All that is needed is the line containing "Ответы к Страницы" and the lines after it to the end of the material, written out exactly, pictures left aside.
>>
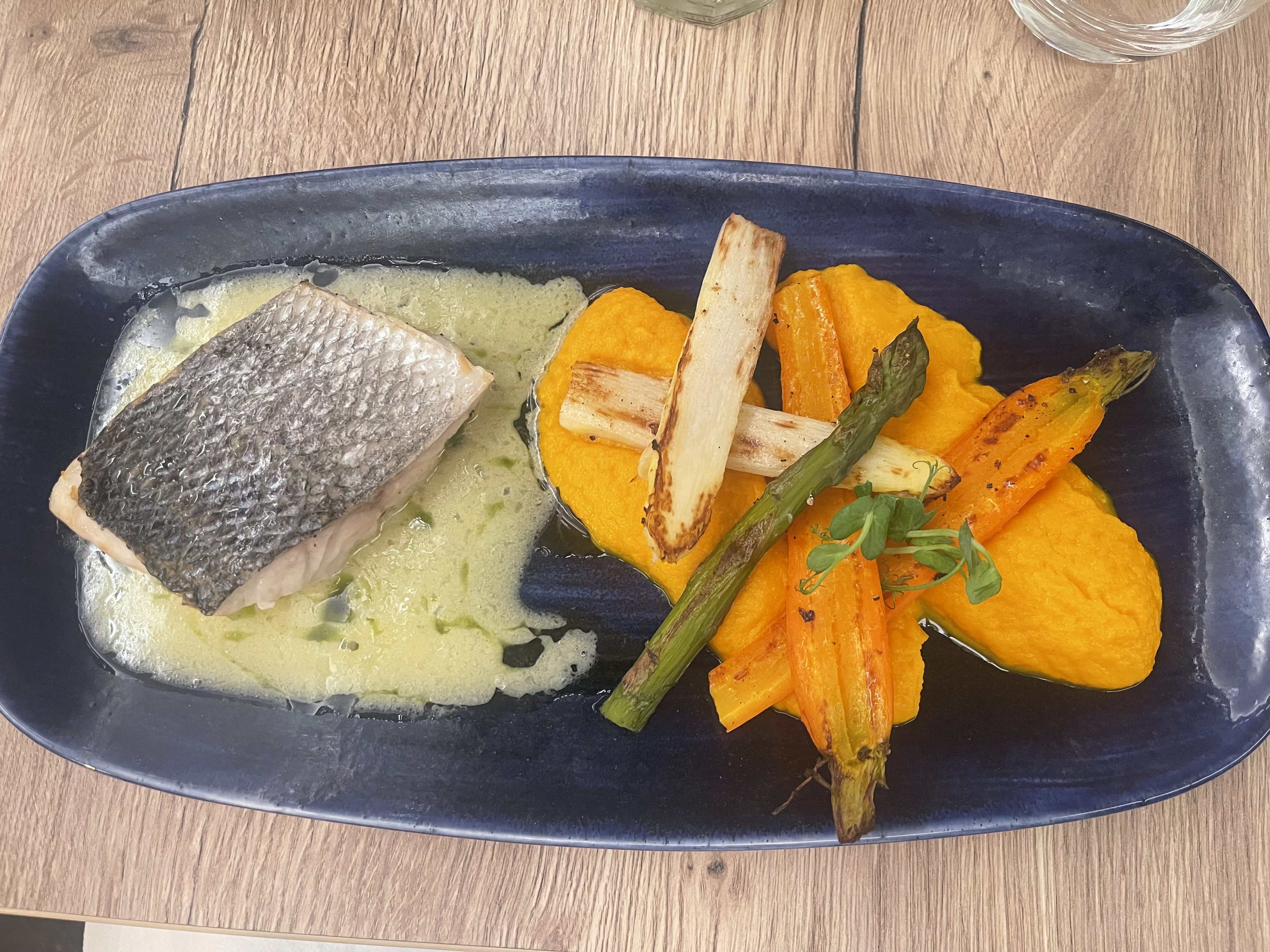 Plat très bien préparé, avec de bon arôme, juste un peu déçu par la quantité, notamment le bar ,on aurait bien vu le poisson entier ,ou les deux filets ,juste en relation avec le prix du plat. Très bonne cuisine tout de même ,et très bon accueil et service
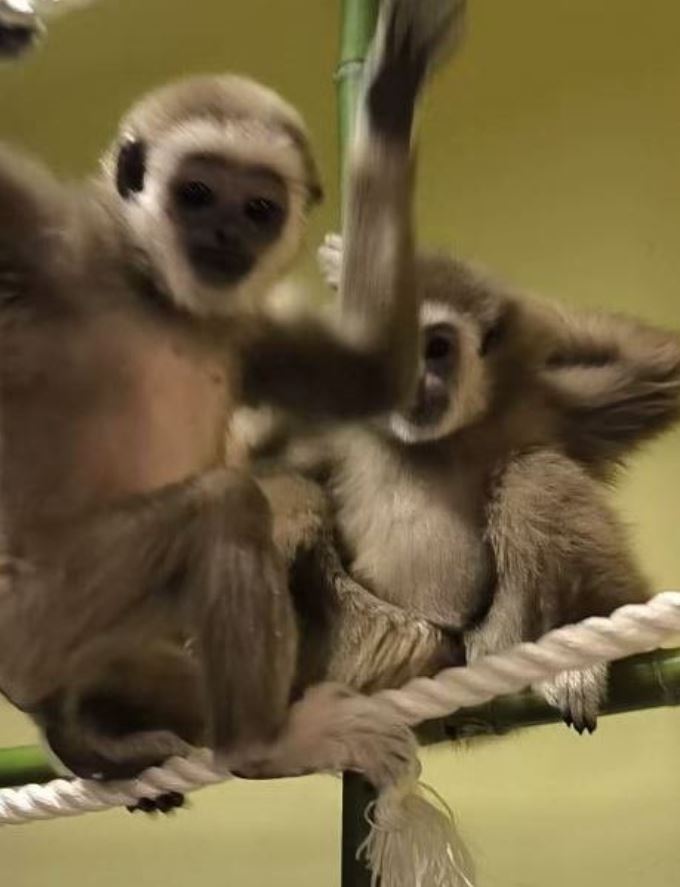 Од Зоолошката информираат дека со голема пожртвуваност на вработените, особено на колешката Зера, и по долги непроспиени ноќи, успеале да ги спојат гибоните Делфина и Мики, кои, како што велат, учат да живеат заедно и самостојно, без човечка помош.
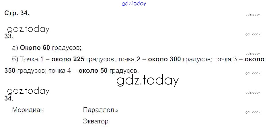 Ответы к Страницы (решение) 34 Рабочей тетради по Географии для 5 класса Дронов, Савельева Дрофа УМК 2016
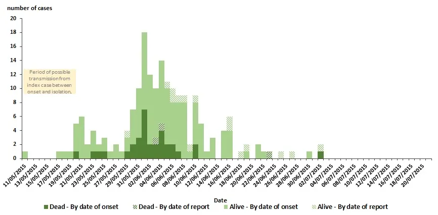 The index case in the South Korean outbreak had onset of symptoms on 11 May and was diagnosed and isolated on 20 May 2015. During the 10-day period from onset of illness until isolation (Figure 3, yellow box), the index case visited several healthcare facilities. According to local health authorities, The Samsung medical hospital was released from quarantine on 20 July 2015 as all the conditions for infection control had been met. This was the last hospital out of 15 affected hospitals freed from quarantine.
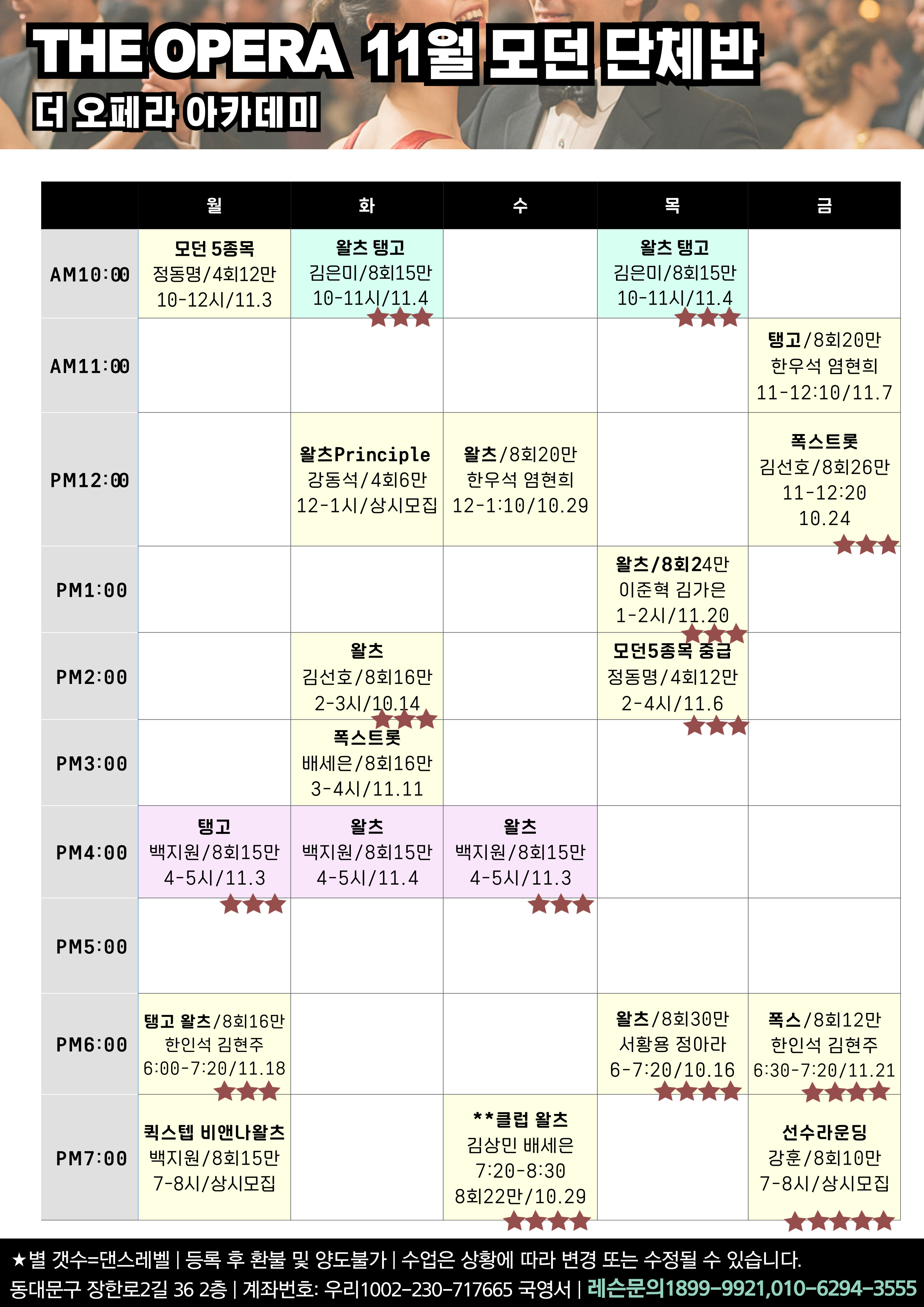 광주 오페라 라인댄스, 댄스스포츠(룸바 차차차 자이브) 시간표
<<
**Exercise solution**
 Ответы к Страницы (решение) 34 Рабочей тетради по Географии для 5 класса Дронов, Савельева Дрофа УМК 2016
 The index case in the South Korean outbreak had onset of symptoms on 11 May and was diagnosed and isolated on 20 May 2015. During the 10-day period from onset of illness until isolation (Figure 3, yellow box), the index case visited several healthcare facilities. According to local health authorities, The Samsung medical hospital was released from quarantine on 20 July 2015 as all the conditions for infection control had been met. This was the last hospital out of 15 affected hospitals freed from quarantine.
 광주 오페라 라인댄스, 댄스스포츠(룸바 차차차 자이브) 시간표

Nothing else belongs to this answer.